夜も深く、つまみを出しながらも酩酊する兄たちや笑い声に合わせながら
「名入れ・・・」をみんなで父に贈る提案をいつ切り出そうか考えていた。
父はとっくに帰宅し、集まったひとりひとりに笑顔を向けひとりひとりの
近況に耳を傾けている。
ひさしぶりの集まりと、いつもどおりの父。「定年退職」という言葉が出て
くることはなかったが、間もなく第二の人生が待っているのだな。
そう思うと、「ありがとう」。洗い物にとりかかる背中で小さく言葉にしてみる浩子であった。

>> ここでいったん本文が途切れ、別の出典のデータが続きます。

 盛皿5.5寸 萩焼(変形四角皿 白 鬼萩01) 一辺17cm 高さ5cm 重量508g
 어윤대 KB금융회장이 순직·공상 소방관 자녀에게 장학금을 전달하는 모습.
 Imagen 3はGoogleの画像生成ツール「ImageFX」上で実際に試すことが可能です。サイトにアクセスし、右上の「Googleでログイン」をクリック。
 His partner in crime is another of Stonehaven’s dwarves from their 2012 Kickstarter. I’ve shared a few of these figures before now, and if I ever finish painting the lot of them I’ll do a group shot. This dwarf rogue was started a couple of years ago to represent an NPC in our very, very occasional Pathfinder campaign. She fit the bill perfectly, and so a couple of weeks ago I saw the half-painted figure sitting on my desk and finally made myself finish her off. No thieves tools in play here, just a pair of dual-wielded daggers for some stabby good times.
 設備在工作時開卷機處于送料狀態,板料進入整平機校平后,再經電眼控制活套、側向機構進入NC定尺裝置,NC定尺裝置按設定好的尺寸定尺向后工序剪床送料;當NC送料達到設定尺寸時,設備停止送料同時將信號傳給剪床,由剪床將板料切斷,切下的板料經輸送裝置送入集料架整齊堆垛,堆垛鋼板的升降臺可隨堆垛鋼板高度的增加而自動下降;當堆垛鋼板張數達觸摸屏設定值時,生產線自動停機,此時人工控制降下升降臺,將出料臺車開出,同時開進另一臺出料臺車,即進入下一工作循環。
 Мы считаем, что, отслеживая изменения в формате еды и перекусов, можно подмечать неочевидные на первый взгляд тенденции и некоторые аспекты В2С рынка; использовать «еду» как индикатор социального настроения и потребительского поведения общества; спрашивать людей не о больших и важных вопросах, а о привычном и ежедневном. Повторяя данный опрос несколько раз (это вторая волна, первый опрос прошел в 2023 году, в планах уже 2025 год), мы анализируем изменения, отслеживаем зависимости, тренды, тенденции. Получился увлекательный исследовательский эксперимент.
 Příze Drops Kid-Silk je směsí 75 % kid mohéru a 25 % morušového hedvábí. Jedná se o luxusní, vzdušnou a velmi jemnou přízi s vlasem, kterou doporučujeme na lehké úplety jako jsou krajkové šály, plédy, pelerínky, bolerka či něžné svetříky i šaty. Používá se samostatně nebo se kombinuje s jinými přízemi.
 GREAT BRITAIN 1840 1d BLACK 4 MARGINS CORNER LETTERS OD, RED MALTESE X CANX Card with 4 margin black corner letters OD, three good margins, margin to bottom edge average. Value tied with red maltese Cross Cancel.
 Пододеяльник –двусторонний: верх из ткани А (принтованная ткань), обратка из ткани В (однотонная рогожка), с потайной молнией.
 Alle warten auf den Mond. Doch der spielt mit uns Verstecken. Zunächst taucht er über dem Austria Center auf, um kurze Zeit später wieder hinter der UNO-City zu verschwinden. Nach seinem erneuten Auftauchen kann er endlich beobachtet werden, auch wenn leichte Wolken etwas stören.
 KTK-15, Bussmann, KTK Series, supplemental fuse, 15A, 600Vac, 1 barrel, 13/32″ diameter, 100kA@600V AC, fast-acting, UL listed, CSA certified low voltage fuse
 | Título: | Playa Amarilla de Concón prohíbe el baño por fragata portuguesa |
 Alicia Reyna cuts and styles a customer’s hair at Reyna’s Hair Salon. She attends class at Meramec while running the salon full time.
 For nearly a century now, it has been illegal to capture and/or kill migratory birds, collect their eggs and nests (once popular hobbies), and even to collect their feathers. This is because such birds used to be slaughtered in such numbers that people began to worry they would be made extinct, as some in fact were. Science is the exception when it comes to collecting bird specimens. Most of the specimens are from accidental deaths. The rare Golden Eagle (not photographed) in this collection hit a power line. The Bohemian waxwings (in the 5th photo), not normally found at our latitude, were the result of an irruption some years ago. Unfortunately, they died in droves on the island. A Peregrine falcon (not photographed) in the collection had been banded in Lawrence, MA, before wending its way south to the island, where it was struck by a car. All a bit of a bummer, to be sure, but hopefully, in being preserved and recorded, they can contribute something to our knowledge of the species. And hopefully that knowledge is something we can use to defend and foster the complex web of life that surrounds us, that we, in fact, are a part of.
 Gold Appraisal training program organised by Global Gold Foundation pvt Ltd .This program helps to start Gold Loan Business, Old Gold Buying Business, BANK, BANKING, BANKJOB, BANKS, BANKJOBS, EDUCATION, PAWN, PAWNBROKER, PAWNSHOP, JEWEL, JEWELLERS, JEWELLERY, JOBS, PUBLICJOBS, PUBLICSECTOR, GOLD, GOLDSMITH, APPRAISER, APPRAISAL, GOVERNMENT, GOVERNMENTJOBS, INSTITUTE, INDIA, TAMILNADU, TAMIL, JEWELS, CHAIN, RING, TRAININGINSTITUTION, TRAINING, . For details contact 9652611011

小学校入学、運動会、授業参観・・・・そのほとんどに父の姿はなかった。
だが、そのほとんどに母や、おじいおばあがいた。兄弟がいた。友達がいた。
父さんは孤独ではなかっただろうか? 父さんが仕事を休める平日は、私たち兄弟は学校だった。
そんな中、成長を見守り続けてくれた父さんがいる。
現に今も、目を細めしわくちゃに笑いながら泡盛の水割りを飲みみんなの成長を
(兄貴らは成長というよりすっかりおっさんだが)喜んでいる。
よ~し! そっと贈ろう。
今まで私たちを、どんなことがあっても見守ってくれた父のように、そっと。
そして何年かして、みんなで開けよう。
「定年」は周りが決めること。「かりゆし」は私たち家族が決めること。
浩子は流し台で、思わず「いきものがかり」を口ずさんでいた。